One saves on model invocation costs, while the other saves on idle loop costs.

However, the Advisor Strategy and Monitor are not isolated moves. Coupled with the previously released Managed Agents, where Anthropic handles all agent operations and infrastructure for just $0.08 per hour, the direction becomes clear.

Anthropic is no longer just a company selling model APIs. They are building a complete agent runtime platform, covering everything from model scheduling to task execution to cloud hosting.

You No Longer Need to Manage Agents Yourself

The Advisor Strategy and Monitor optimize how agents operate, while Managed Agents address the more fundamental issue of who manages the infrastructure.

At $0.08 per session hour, with sandbox isolation, automatic disconnection recovery, and sessions capable of running autonomously for hours, Anthropic covers it all.

Managed Agents handle operations, while MCP Connectors manage tool integration.

Anthropic’s Connectors Directory covers tools like Asana, Notion, and Sentry, with standard OAuth for one-click integration.

On the other hand, on April 4, they cut off the API access for OpenClaw subscriptions through Claude, forcing users to either switch backends or pay by usage, effectively doubling costs.

This combination of strategies pushes their ecosystem while cutting off competitors’ supplies.

As one user summarized on HN, “the core is not about eliminating competitors but getting developers accustomed to running agents on Anthropic’s platform.”

From Selling Models to Selling Runtime

The Advisor Strategy manages scheduling, Monitor enhances efficiency, Managed Agents handle infrastructure, and MCP Connectors manage the ecosystem. Together, they form a complete agent platform.

Anthropic is not just selling chatbots; they are offering a solution where you only need to say what you want to do, and they handle the rest.

Moreover, their ambitions may extend beyond software. According to a Reuters report this week, Anthropic is exploring self-developed AI chips, which are still in early stages.

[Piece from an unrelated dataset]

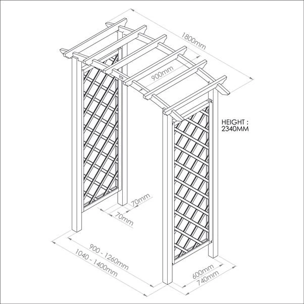The curved rafter of the Daria Arch adds elegance to any garden. The diamond trellis side panels offer ample space for climbing plants, as well as looking attractive. The 1. 80m adjustable width can suit any garden walkway or entrance. Made from pressure treated wood with a 10-year guarantee against rot.

The numbers supporting this ambition show an annual revenue exceeding $30 billion, up from $9 billion at the end of last year. Their enterprise AI revenue has already reached a 50:50 share with OpenAI.

Whether this strategy will succeed depends on developers’ willingness to entrust agent logic to Anthropic’s platform.

Sentry, Notion, and Rakuten have already cast their votes.

Easter Egg

How big is Claude? This is the most sought-after black box in the AI community.

Elon Musk casually revealed a number while comparing his Grok 4.2 with Claude—

Claude Sonnet has approximately 1 trillion parameters, while Opus boasts a staggering 5 trillion.

Some experts speculate that Claude Mythos’s size is at least 10 trillion, or even larger.